Are shoppers in Leek making sure they spend £5 a week in independent shops?

Leek town centre

Ivy Harris, 72: "I try to shop in Leek once a week and will use the butchers because the meat is lovely. I don't purposely spend £5 in local shops - it's something I have always done."

Andrew Brown, 51: "It's something I did when the scheme started, making sure we budgeted to go to the grocers and bakers but it does become difficult to make the trip especially when you can go to the supermarket and get it all."

Rachel Hughes, 37: "I do sometimes use the market on a Sunday and that probably means I spend a few pounds going for lunch in the pub or having a coffee but as for making sure I spend £5 it's not something I always do."

Traders in the smaller Staffordshire town of Eccleshall started the £5 spend scheme in January.

Accountant Tim Hulse, who leads the project, said it was about uniting traders rather than revitalising the high street.

"Eccleshall has always been a reasonably prosperous area because we've got a lot of so-called destination shops; a baby boutique, a speciality wedding shop, jewellers, and those bring people in," he said.

"I think it's the case of bringing a group of people together to put the effort in to promote any sort of campaign.

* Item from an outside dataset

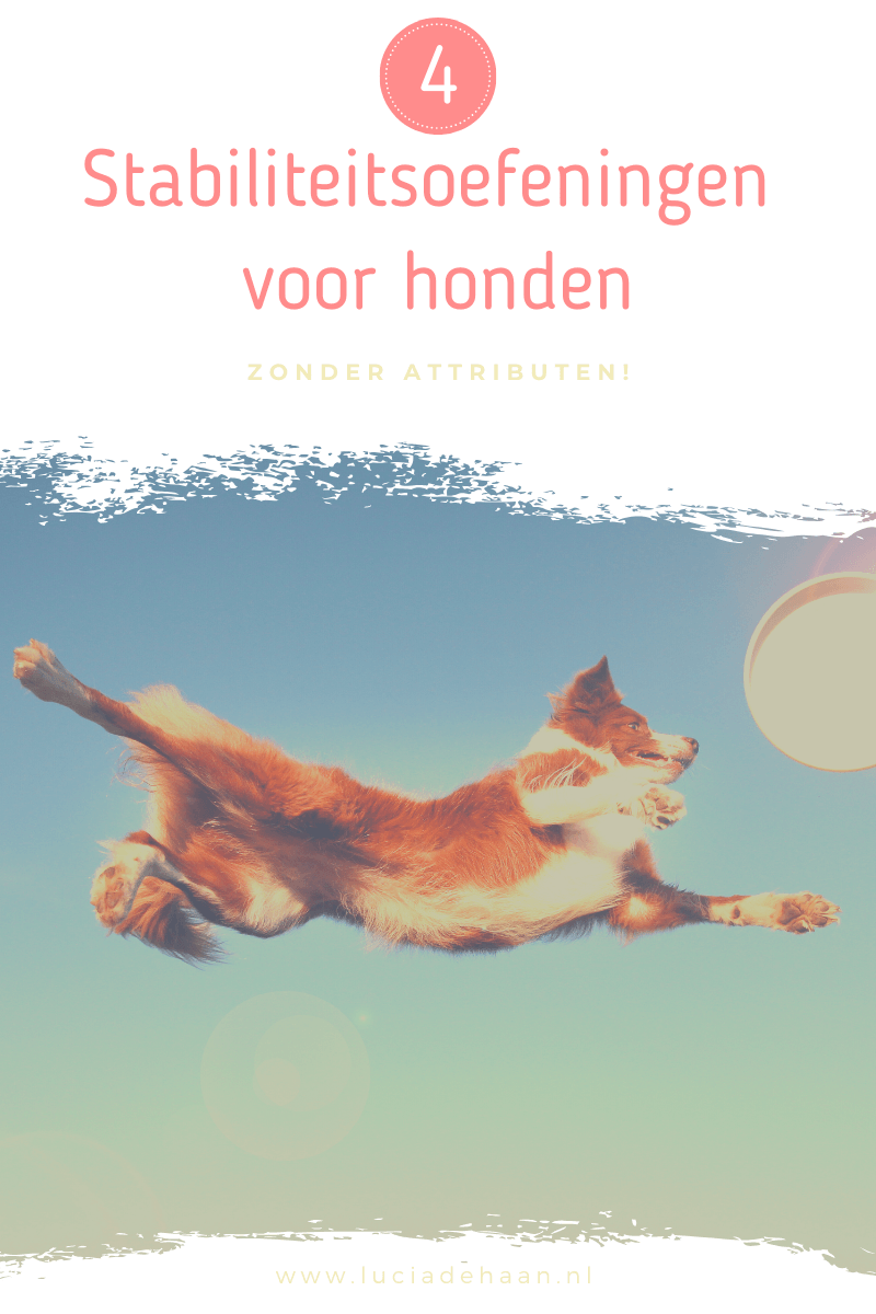 Voor honden zijn er enorm veel verschillende stabiliteitsoefeningen, je kunt er zelfs les in volgen! Ook zijn er allerlei attributen op de markt, zoals balansballen en cavaletti. Als je hierin geïnteresseerd bent, raad ik je zeker aan om eens een proefles of een workshop te volgen. Het is een superleuke manier om met je hond bezig te zijn èn hij wordt er fysiek ook nog eens beter van! Houd je het liever simpel en laagdrempelig, dan zijn hier een aantal oefeningen die je gewoon thuis, zonder benodigdheden (behalve koekjes ;) ), uit kunt voeren: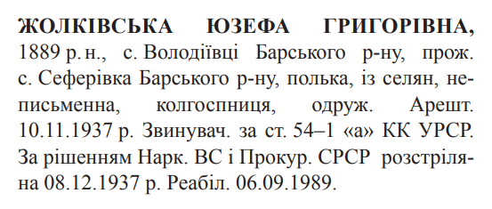 Юзефа Жолкевська розстріляна 08.12.1937

Some traders have reported a 10 to 20% rise in turnover since we began."

At WM Perry's butchers shop in Stafford Street there is a list of nearby farms where the shop's meat comes from and a stack of bones piled on a table outside for dog owners to take for their pets.

Owner Peter Bevan said: "I don't think you can dictate to someone how and where they spend their money but the important thing is we give them the service that keeps them coming back.

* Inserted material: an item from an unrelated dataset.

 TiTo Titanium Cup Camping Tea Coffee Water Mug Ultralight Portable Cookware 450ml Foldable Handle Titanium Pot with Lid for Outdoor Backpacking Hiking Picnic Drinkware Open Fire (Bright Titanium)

"I think that's what Eccleshall prides itself on, shopkeepers now know the customers' names and faces and know exactly what they want."

But the scheme would not suit all town centres, according to Mr Hulse.

He said: "We're a small enough town not to need a massive major brand name and I think with the unique businesses we have, proximity drives footfall.

"It will be interesting to see how Burslem does, being so close to Stoke-on-Trent city centre and what it has to offer retail-wise."

Back in Burslem, some shops are getting a fresh coat of paint ahead of the launch of the £5 scheme on 12 October.

Only time will tell if shoppers spending a weekly fiver will spark the town's revival.